Six proteins are considered to be strictly telomere specific. As suggested by de Lange (2005), they meet the following criteria; they are specific for telomere DNA, present throughout the cell cycle and have functions restricted to the telomere. They have important roles in protection, elongation and regulation of the telomere. These proteins form a complex named shelterin: TRF1, TRF2, hRap, TIN2, POT1 and TPP (TINT/PTOP/PIP) (Zhong et al. 1992; Bilaud et al. 1997; Broccoli et al. 1997; Bianchi & de Lange 1999; Kim et al. 1999; Li et al. 2000; Loayza & de Lange 2003; Houghtaling et al. 2004; Liu et al. 2004a,b; Ye & de Lange 2004a; de Lange 2005). Some of these proteins have been characterized as specific telomere sequence‐binding proteins, while others were detected in complex with them by gel filtration and mass spectrometry. The whole telomere superstructure seems to be dynamic, switching between an ‘open’ conformation that allows telomerase to dock onto the telomere and a ‘closed’ conformation that protects telomeres from telomerase, nucleases or polymerases (Rubelj & Vondracek 1999; Karlseder et al. 2002; Colgin & Reddel 2004; Ferenac et al. 2005; Hockemeyer et al. 2005; Lei et al. 2005). Each protein has a specific role in the complex; such as inducing t‐loop formation, protecting the telomere from nucleases, checkpoint functions or regulating telomere elongation in telomerase‐positive cells (Fig. 1).

TRF1 (telomere repeat binding factor 1) was one of the first proteins identified at telomere sites (Zhong et al. 1992). It is expressed continuously throughout the cell cycle, and it binds exclusively to telomeric TTAGGG repeats. TRF1 homodimers can bind, not only neighbouring telomeric sequences, but can also bridge two different DNA molecules or distant regions of the same telomere (Griffith et al. 1998; Bianchi & de Lange 1999).
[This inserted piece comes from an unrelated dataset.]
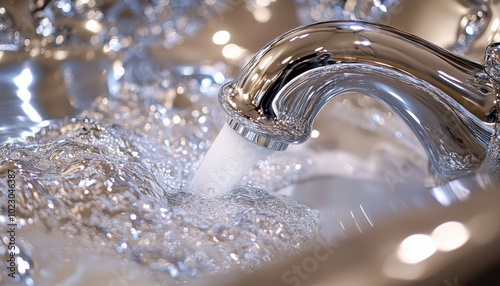 Polishing chrome fixtures at a modern kitchen sink with flowing water on a sunny afternoon
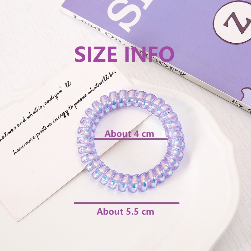 [SG?Lavender Violet Lover] 4pc 8pc 5cm Shining & Matte Purple Plastic Teleties Band Ponytail Holder, Telephone Wire Cord Spiral Head Ties Hair Band Hair Ring Hair Ties, Ideal Size to Wear as Bracelet

TRF1 seems to be the main telomere‐binding protein. It binds to telomere DNA as a dimer and probably makes higher‐order structures by synaptic pairing with dimers of parallel telomere strands (Bianchi et al. 1997; Griffith et al. 1998). In addition, a tankyrase‐binding motif has being discovered (lacking in mouse TRF1) that is possibly responsible for the regulation of telomere elongation by telomerase (Sbodio & Chi 2002); the amount of TRF1 on telomeres corresponds to the telomere length (Smogorzewska et al. 2000). Functional experiments defined this protein as the main regulator of telomere elongation by telomerase. A dominant negative mutant of TRF1 causes telomere elongation in telomerase‐positive cells, while TRF1 overexpression causes gradual shortening of telomeres until a new length setting is achieved. Thus, TRF1 is considered to be a negative regulator of telomere length. In telomerase‐negative cells, changes in TRF1 levels do not change the rate of telomere shortening, indicating a role for TRF1 in control of telomere elongation by telomerase (Karlseder et al. 2002; Karlseder et al. 2003).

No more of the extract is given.